Posted by Jane Shearer on October 27, 2021 at 2:09 PM

homeworkAccording to some studies around 45% of students in grades three to 12 spend more than an hour every night doing homework, with some spending over three hours doing so. By the same token, only 50% of children get enough sleep (an average of nine hours nightly is recommended).

To enable your child to make the most of the little free time they have at the end of a long day at school, designing a positive homework environment is helpful.

Tidiness, ergonomics, and natural lighting are three aspects that will help them maximize their learning experience.

Creating a Neat, Well-Organized Space

Your child should have a quiet, tidy, well-organized space in which to work. A 2011 study by neuroscientists  (McMains, 2011) showed that clearing clutter from home and work environments results in an improved ability to focus, process information, and produce work.

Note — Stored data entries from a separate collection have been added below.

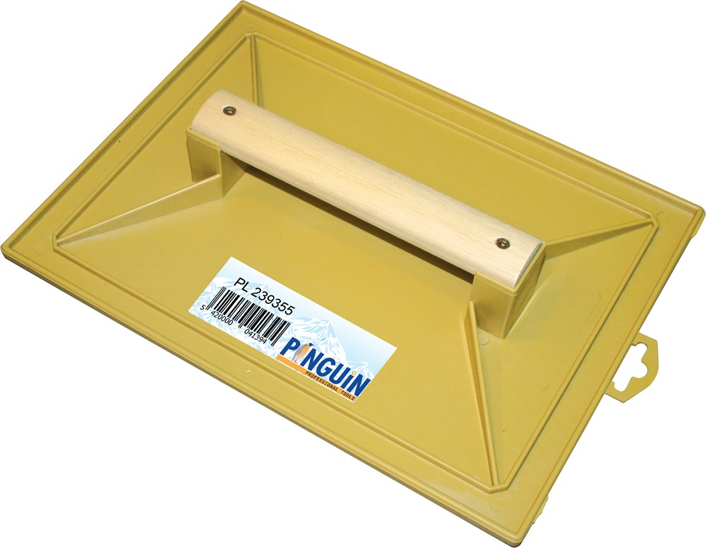 Schuurbord ABS geel, houten handgreep - rechthoekig
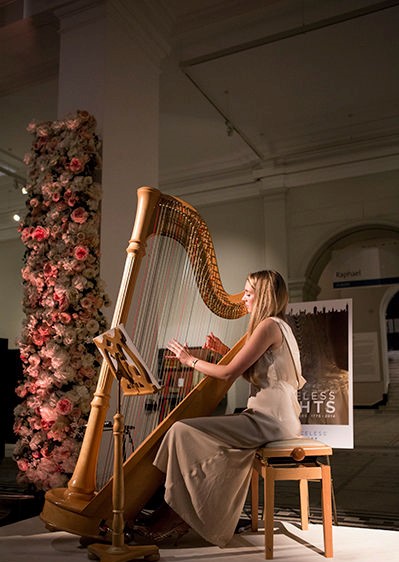 Our harpist has played at all of London’s major concert venues including the Royal Albert Hall, Royal Festival Hall and the O2 Arena
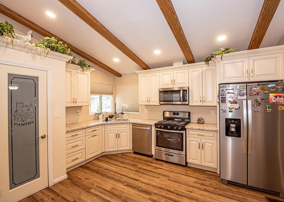 Welcome to one of the best lots in the sought-after Golf Knolls 55+ community! This home is set on a spacious corner lot and features a large 2-car garage plus dedicated RV parking—a rare find in this neighborhood. Inside, the home offers 3 bedrooms and 2 full bathrooms, with the third bedroom currently used as an office or den. The open concept, highlighted by high ceilings, exposed wood beams, LED recessed lighting, and elegant wood shutters that bring warmth and character to the space. Recent upgrades include: Fully remodeled kitchen and bathroom, new flooring in the kitchen and dining area, new pantry new roof, tankless water heater. The primary suite features a very large walk-in closet, and the oversized laundry room includes extra space—ideal for a utility sink or second fridge. Outdoors, enjoy a covered patio and a low-maintenance yard with enough space for your dog or a garden.

Think of clutter as a source of “information overload” for kids. As they struggle to filter out the mess, they lose their ability to focus exclusively on their work. Research has also found (Saxbe, 2009) that living in an untidy environment can raise levels of the stress hormone, cortisol. This hormone, when present at chronically high levels, can trigger anxiety and other problems.

Prioritizing Ergonomics

Poor ergonomics in a home study environment can reduce your child’s productivity and cause aches and pains in areas like the back, neck, and even the legs. Your child should have a good chair with a supportive back and an adjustable height (so your child can look straight ahead at the screen, without having to look upwards or downwards, straining their neck).

The top line of the screen should be at or slightly below (0-30º) beneath eye level. The monitor should be positioned at a right angle from windows and task lights so there is no glare. It should also be at least an arm’s length away from your child.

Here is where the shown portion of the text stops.